Deux articles de ces coulisses ont déjà ouvert la boîte à outils de la vérification : « Pourquoi nous vérifions chaque récit avant de le raconter » et « Notre grille de fiabilité : établi, rapporté, légendaire ». Celui-ci montre l'autre versant : les quatre refus qui tiennent la maison. Pas des intentions vagues, des interdits précis, avec les exemples datés qui vont avec, et ce qu'ils changent pour toi quand tu lis ou écoutes.

Le cadre Namsira en une phrase : quatre refus

Réponse directe : le cadre Namsira interdit quatre choses dans tout ce que nous publions. Un, énoncer une règle religieuse, la nôtre ou celle d'un autre. Deux, accuser une personne musulmane nommée d'un péché. Trois, promettre un rendement ou conseiller ton argent. Quatre, raconter une légende comme un fait.
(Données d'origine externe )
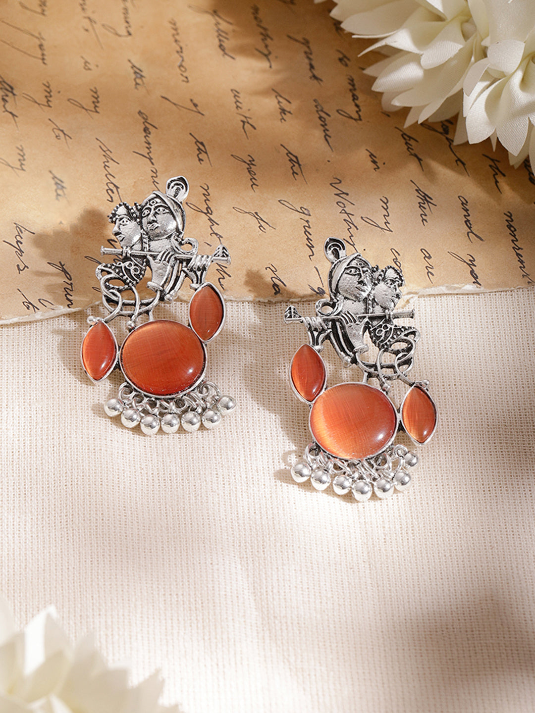 - • Design & Craftsmanship Oxidised drop earrings featuring traditional figurine motifs with orange detailing designed for ethnic statement looks
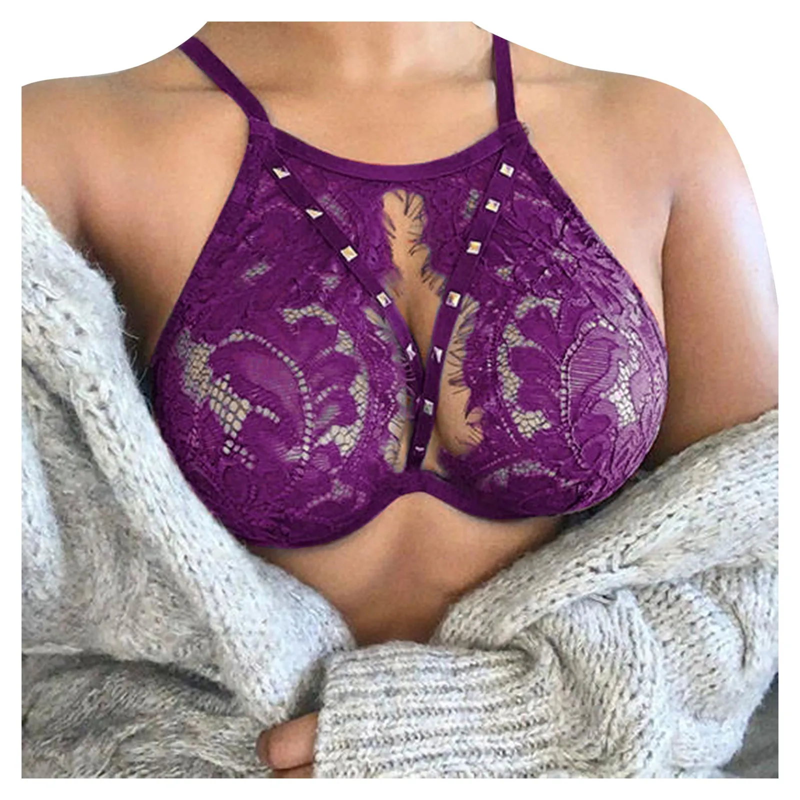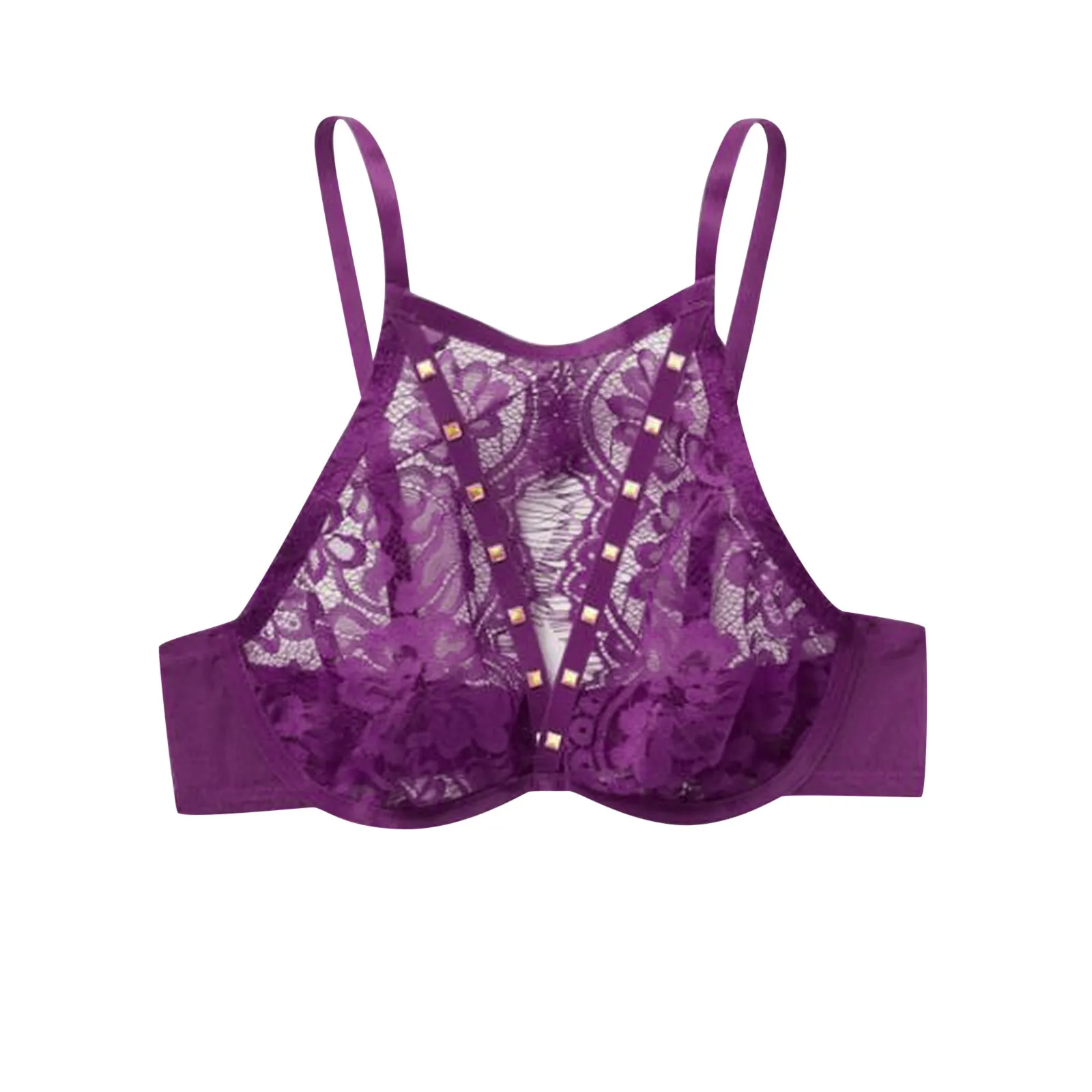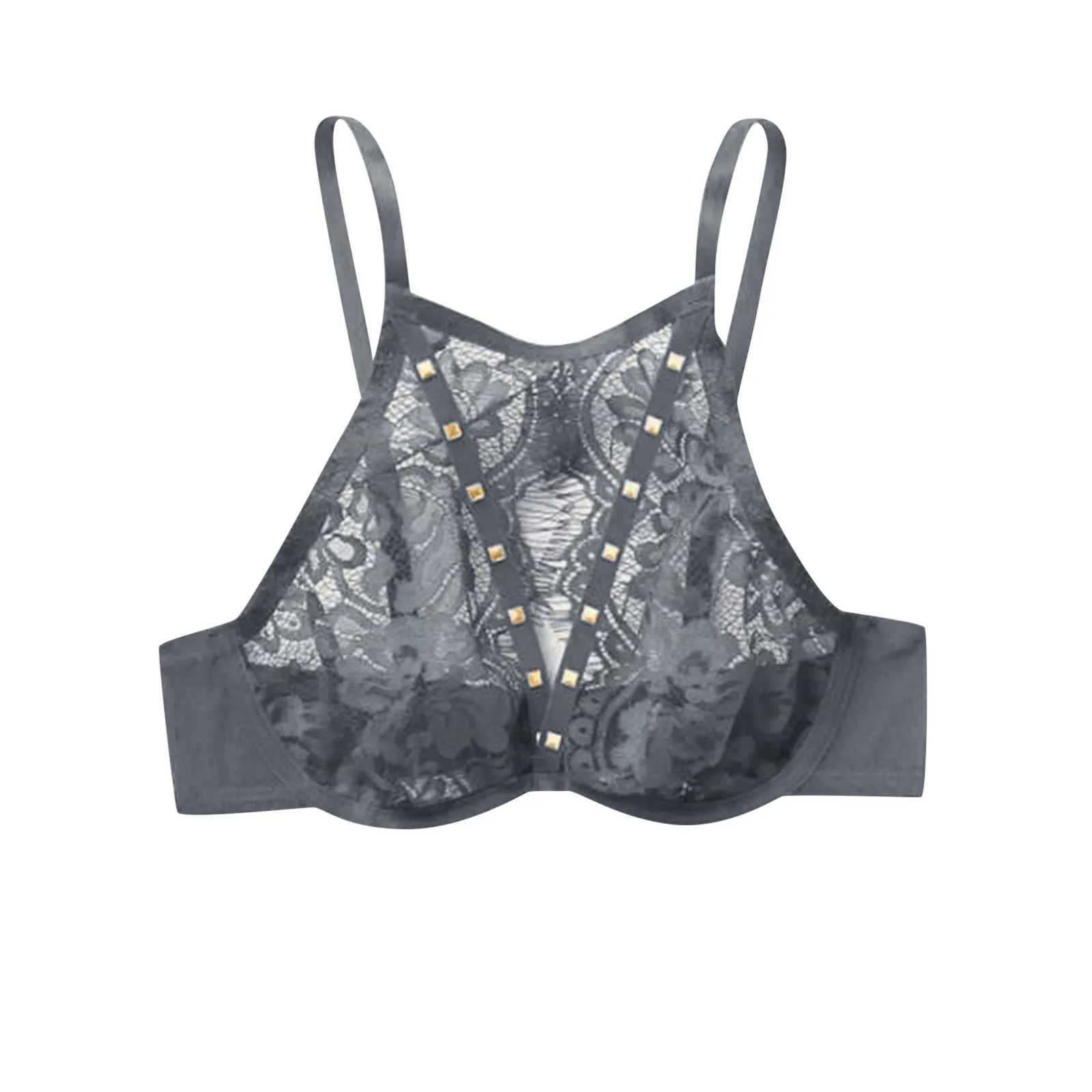 Женское пикантное нижнее белье, однотонный ажурный кружевной бюстгальтер, Бралетт с заклепками, женское однотонное нижнее белье, топы, женский бюстгальтер

Récits audio, articles de ce blog, réponses de Rawi dans l'application : tout passe par ce filtre avant publication.

Ce n'est pas une charte décorative affichée dans un coin du site. Chaque texte est relu contre cette liste, et un validateur automatique traque jusqu'aux formulations qui s'en approchent. Un récit peut perdre sa plus belle anecdote à ce jeu, comme l'esclave affranchi de Mansa Moussa. Tant pis : nous préférons un silence honnête à une belle phrase qui trahit.

Aucune règle religieuse : des histoires, pas des leçons

Premier refus : Namsira n'énonce aucune règle religieuse, ni la sienne ni celle d'un autre. Pas de verdict, pas de mode d'emploi spirituel, pas de débat sur ce qui se fait ou non. Notre matière, ce sont des vies : ce qu'un homme a fait, à quelle date, pour quel montant, et ce que ce choix lui a coûté. Abu Hanifa décline la fonction de juge que lui propose le calife al-Mansur et le paie d'un emprisonnement à Bagdad : voilà une scène datée du VIIIᵉ siècle, avec un prix payé, pas une leçon de droit.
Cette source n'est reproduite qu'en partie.